Next, cd into the directory:

$ cd <the-name-of-directory-you-just-cloned>

At this point, all members of your team should be in their own local copy of the repository.

Each of you now has your very own local copy of the repository, and can pull and push changes from and to the remote copy of the repo hosted on Github.

Note, there is nothing special about the remote copy. It is just like the local copy of the repo you have. The only difference is that it is located in a place you can all access (on a Github server). This is what it means when we say Git is distributed; everyone has a full copy of the entire repo!

Exercise

The goal

The goal of this exercise is for you to work collaboratively with your team members to write a simple shell script.

Type ls in the directory of the repo you just cloned. You should see something like:

$ ls
count-fasta-seqs.sh
example-seqs1.fasta
example-seqs2.fasta
LICENSE.txt
README.md
run_tests.sh
tests
util

The file count-fasta-seqs.sh is where you will write your shell script. Go ahead and open it with your preferred text editor (probably nano if you are working on the Alabama Super Computer and have become familiar with the nano during the Bioinformatics Bootcamp). You will see that the file is mostly just filled with comments (i.e., there's no code).

The file run_tests.sh is a script that runs a series of tests on the count-fasta-seqs.sh script. Since that code doesn't exist yet, all of these tests currently fail.
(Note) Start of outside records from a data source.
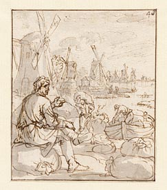 Voorstudie voor de titelprent uit "Het menselyk bedryf"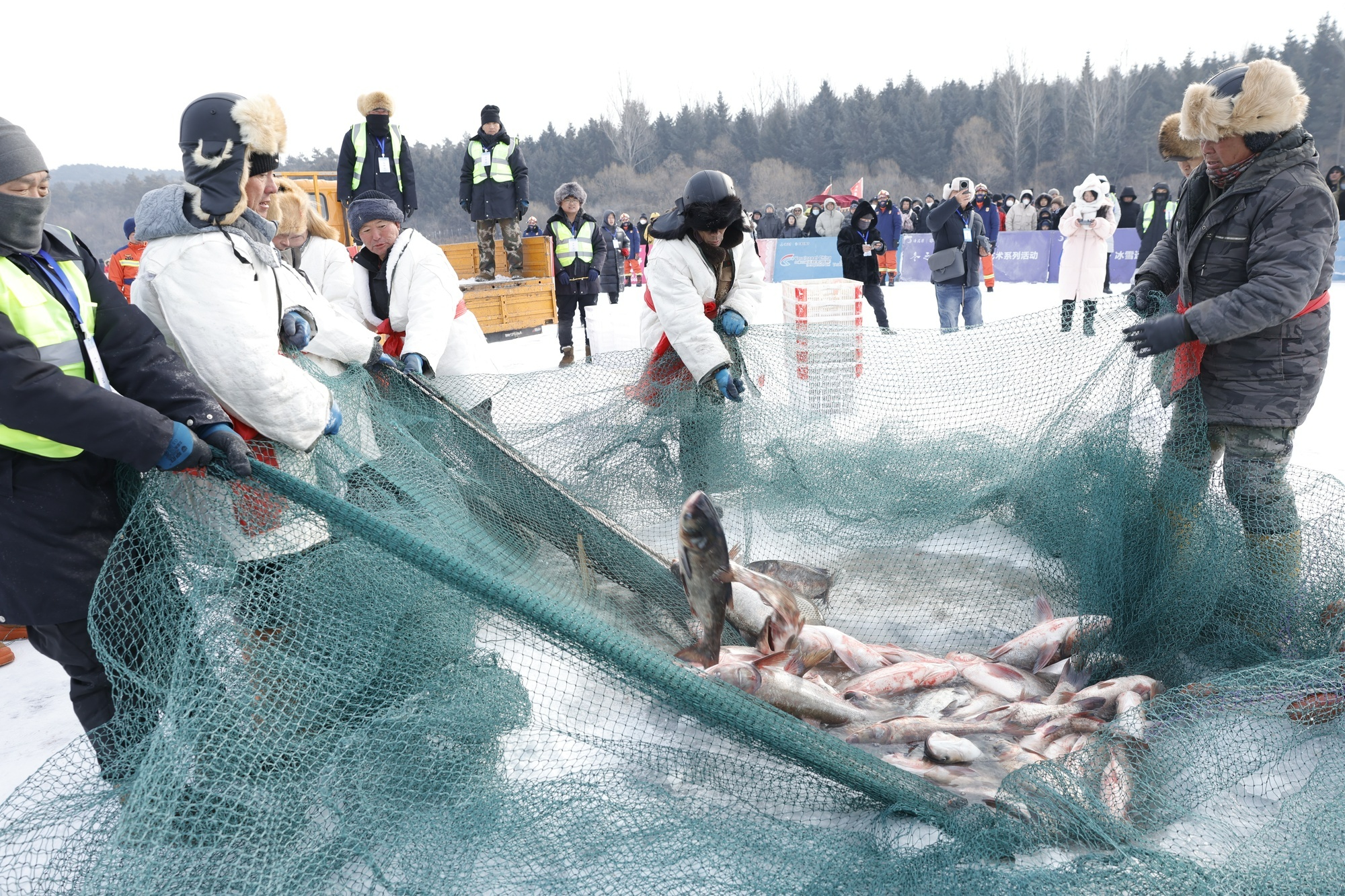 伴隨著“魚把頭”一聲令下,數萬條活魚躍出水面,“冰湖騰魚”的盛景瞬間點燃寒冬。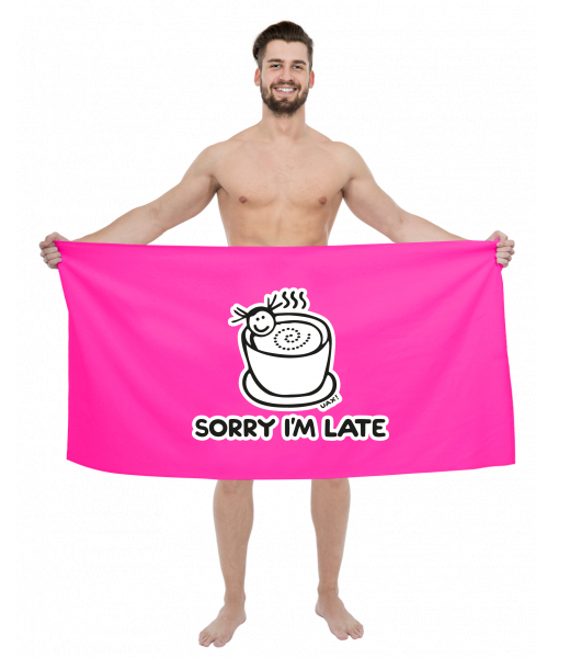 Vyrábíme udržitelné oblečení UAX! - ručně šité v Česku uaxMuži uaxGolf kolekceRučníky a osuškyOSUŠKA S POTISKEMpotisk 1087 - SORRY IM LATEFLUO PINK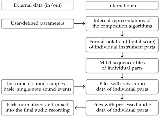 User-provided data represent a concept. The Generator uses data structures such as arrays (single type), lists (multiple types), maps (key-value), or rule sets to internally represent higher-level abstract musical structures throughout composition algorithms. The algorithms produce digital scores for individual tracks based on different principles, with elements of interpretation coded as performance marks (dynamics and articulation). Scores are converted to sequencer control data (MIDI—Musical Instrument Digital Interface) and supplemented with interpretation elements (pitch tuning). Sequencer control of a non-real-time sampler through MIDI is an equivalent of a performance and a recording (an output is directed into an audio file). Audio tracks are processed and mixed to undergo a mastering process.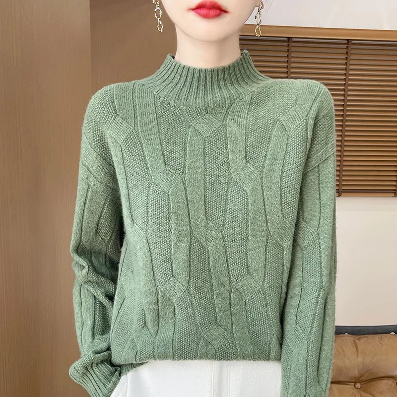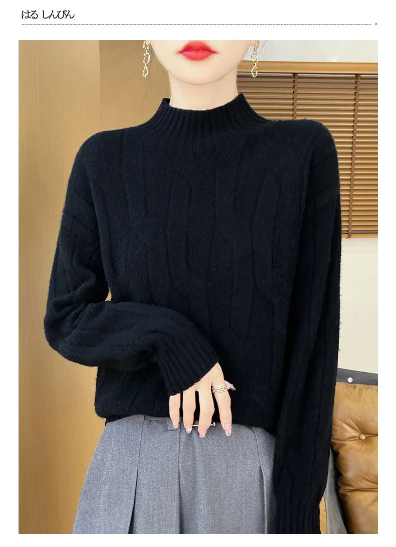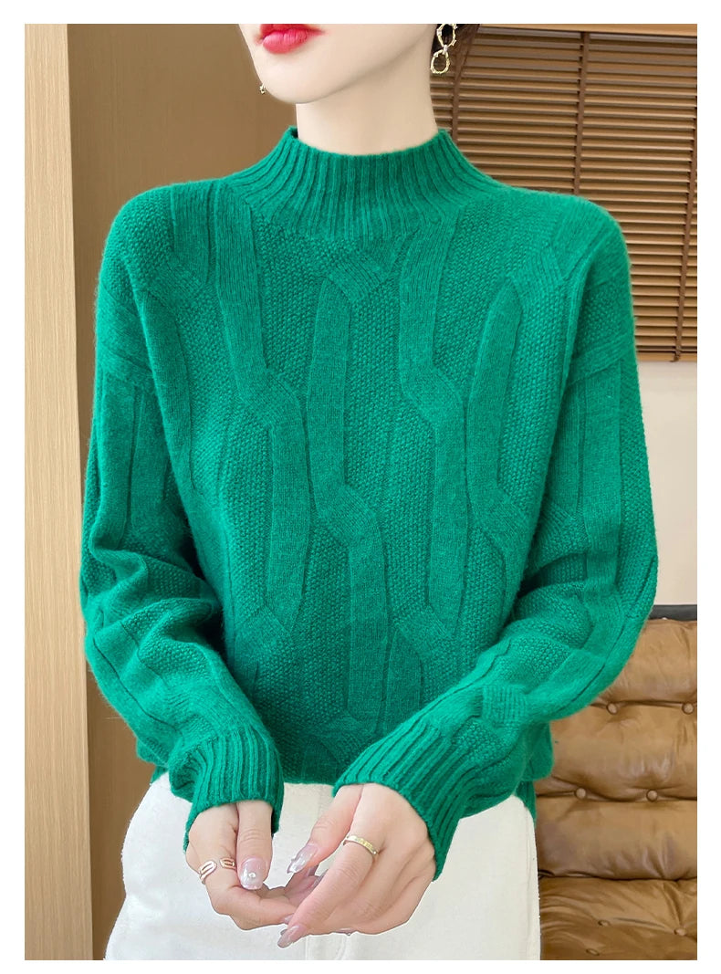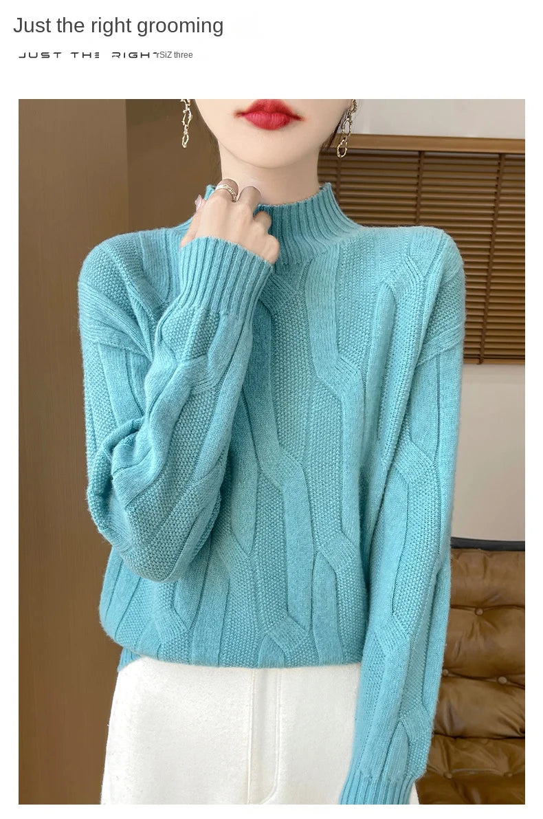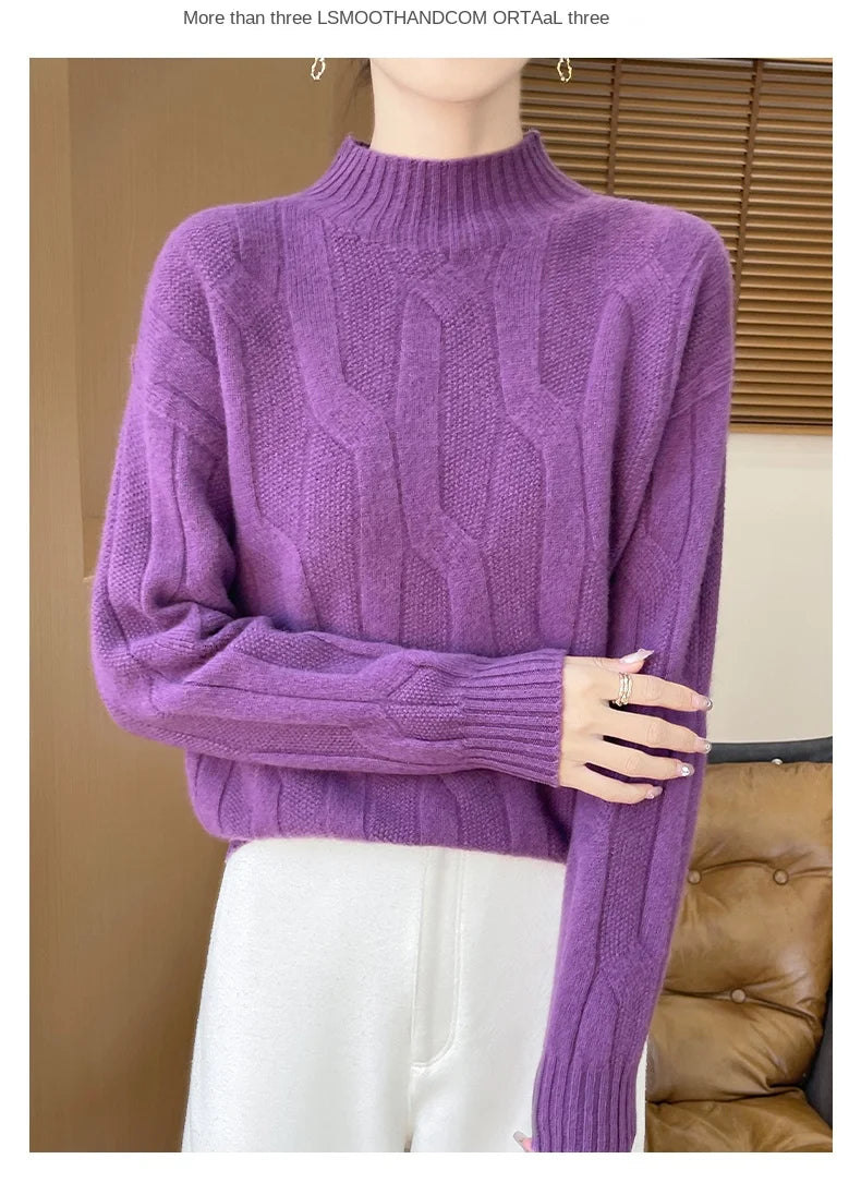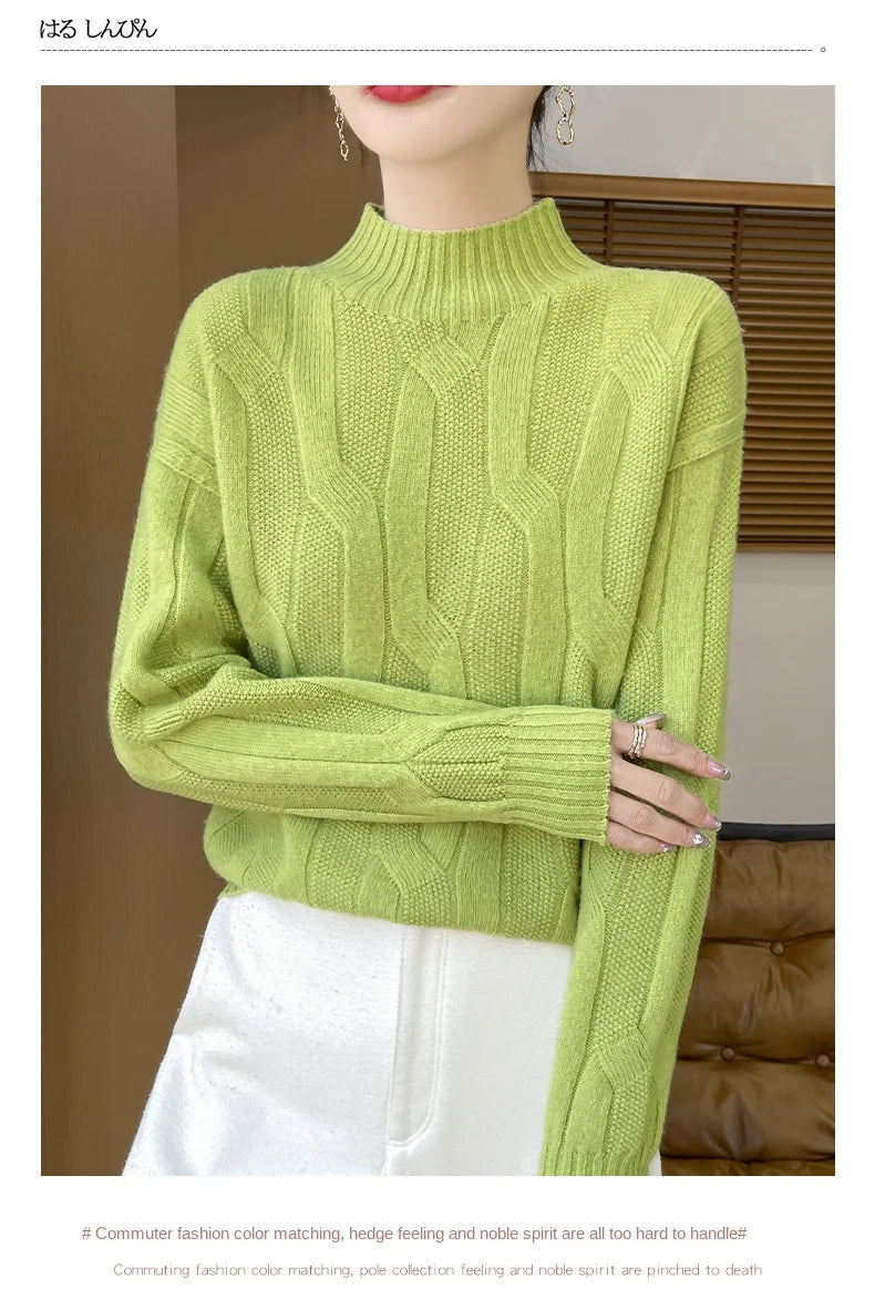 New Fashion Winter Merino Wool Pullover Sweater | Solid Color Long Sleeve

Try it:

$ sh run_tests.sh

----------------------------------------------------------------------
RUNNING TEST:
  sh count-fasta-seqs.sh gekko-mindorensis.fasta

*****************************************
FAIL: Did not create the expected output!
*****************************************
Here is the expected output:
19 gekko-mindorensis.fasta
19
-----------------------------------------
Here is the observed output:
gekko-mindorensis.fasta
*****************************************

Passed 0 out of 1 tests
----------------------------------------------------------------------


----------------------------------------------------------------------
RUNNING TEST:
  sh count-fasta-seqs.sh cyrtodactylus-philippinicus.fasta gekko-mindorensis.fasta insulasaurus-arborens.fasta

*****************************************
FAIL: Did not create the expected output!
*****************************************
Here is the expected output:
20 cyrtodactylus-philippinicus.fasta
19 gekko-mindorensis.fasta
32 insulasaurus-arborens.fasta
71
-----------------------------------------
Here is the observed output:
cyrtodactylus-philippinicus.fasta gekko-mindorensis.fasta insulasaurus-arborens.fasta
*****************************************

Passed 0 out of 1 tests
----------------------------------------------------------------------


----------------------------------------------------------------------
RUNNING TEST:
  sh count-fasta-seqs.sh /home/jamie/Dropbox/projects/au-bootcamp-git-intro/tests/test_nested_singleton/input/gekko-mindorensis.fasta

*****************************************
FAIL: Did not create the expected output!
*****************************************
Here is the expected output:
19 gekko-mindorensis.fasta
19
-----------------------------------------
Here is the observed output:
/home/jamie/Dropbox/projects/au-bootcamp-git-intro/tests/test_nested_singleton/input/gekko-mindorensis.fasta
*****************************************

Passed 0 out of 1 tests
----------------------------------------------------------------------


----------------------------------------------------------------------
RUNNING TEST:
  sh count-fasta-seqs.sh /home/jamie/Dropbox/projects/au-bootcamp-git-intro/tests/test_nested_files/input/*

*****************************************
FAIL: Did not create the expected output!
*****************************************
Here is the expected output:
20 cyrtodactylus-philippinicus.fasta
19 gekko-mindorensis.fasta
32 insulasaurus-arborens.fasta
71
-----------------------------------------
Here is the observed output:
/home/jamie/Dropbox/projects/au-bootcamp-git-intro/tests/test_nested_files/input/cyrtodactylus-philippinicus.fasta /home/jamie/Dropbox/projects/au-bootcamp-git-intro/tests/test_nested_files/input/gekko-mindorensis.fasta /home/jamie/Dropbox/projects/au-bootcamp-git-intro/tests/test_nested_files/input/insulasaurus-arborens.fasta
*****************************************

Passed 0 out of 1 tests
----------------------------------------------------------------------


Some tests failed (see messages above)

Four tests were run and, as expected, they all failed. Your goal is to work collaboratively with your team members to add shell code to count-fasta-seq.sh until these tests pass.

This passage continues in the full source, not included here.